Chinchilla sind kleine Nager. Sie werden auch fälschlicherweise als 'Hasenmaus' bezeichnet, aber sie gehören weder zu den Hasen noch zu den Mäusen. Ihre Heimat war Südamerika, doch dort sind sie fast vollständig ausgerottet. Chinchilla sehen possierlich aus und haben ein seidenweiches Fell, das diesen Lebewesen auf den Leib geschneidert und zu schade für einen Mantel ist. Sie besitzen längere Hinterläufe mit denen sie eine rasante Beschleunigung und hohes Tempo erzielen und erstaunliche Sätze und Sprünge vollführen. Ihre kleineren Vorderläufe setzen sie auch als Hand ein. Sie sind neugierig, zutraulich und manchmal sogar folgsam. Chinchilla sind dämmerungsaktiv und sie leben relativ lange.

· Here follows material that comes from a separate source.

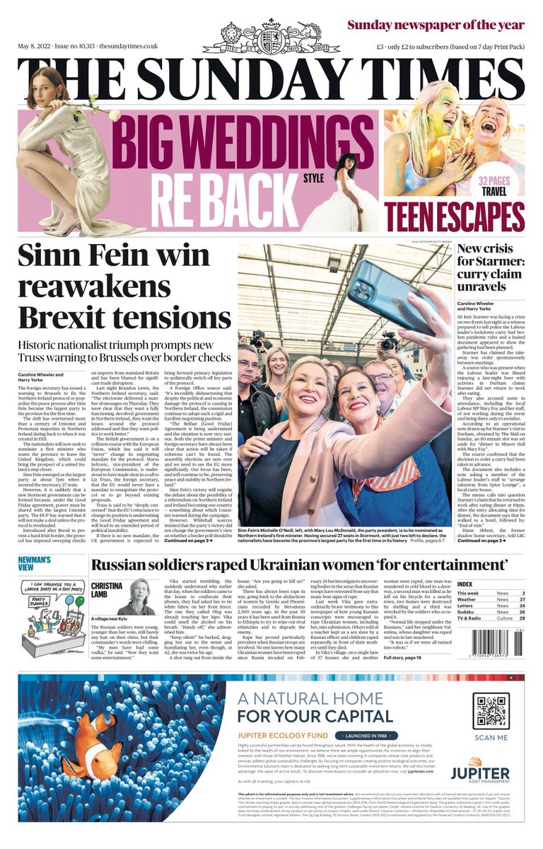 The Sunday Times reports that Sinn Fein’s victory in Northern Ireland has re-awakened Brexit tensions.

Chi beim Kuscheln (JPEG, 26.9 KB)
Was macht sie glücklich?
Chinchilla lieben Streicheleinheiten, Auslauf, Staubbäder und nutzen jede Möglichkeit zum Beknabbern aller möglichen Dinge die ihnen vor die Nase kommen. Deshalb brauchen sie einen großen Käfig und täglichen Auslauf. Anschließend ist ein ausgiebiges Bad in feinstem Steinstaub fällig, um das Fell zu pflegen. Vogelsand und ähnliches ist ungeeignet, weil dadurch das Fell geschädigt wird. Für die Fellpflege gibt es spezielle Kämme. Diese besitzen jedoch äußerst spitze Zähne. Der Umgang damit ist nicht jedermanns Sache. Darf das Tier aber mehrmals täglich Staubbaden, so ist der Kamm nicht unbedingt nötig. Der Käfig ist mit Holzspänen auszustreuen. Das Tier benutzt meistens die gleiche Ecke zum urinieren, diese sollte deshalb besonders dick mit Holzspänen bedeckt und öfters gereinigt werden. Ein ausreichend großes Schlafhäuschen darf ebenfalls nicht fehlen. Der Käfig sollte Sitzbretter in verschiedenen Höhen haben. Chinchilla können nämlich klettern, besser als man es ihnen zutraut. Zur Zahnpflege braucht ein Chinchilla einen Nagestein und Äste, weil die Zähne nachwachsen und abgenutzt werden müssen, sonst werden sie zu lang und das Tier kann nicht mehr fressen. Die Äste müssen harzfrei und trocken sein. Weidenäste sind gut geeignet. Zufriedenheit wird durch leise Quitschlaute oder belustigende Sprünge direkt aus dem Stand geäußert. Durch Nachahmen der Laute kann man das Tier beruhigen und auch locken. Der Kontakt zum Menschen wird durch dezente Kontaktbisse gefestigt. Man sollte sich darauf gefasst machen, denn dabei spürt man die scharfen Zähne sehr deutlich. Das Tier beisst aber nicht zu. Zum Vergleich sollte man beobachten wie leicht das Chinchilla einen Nagestein zerkleinert.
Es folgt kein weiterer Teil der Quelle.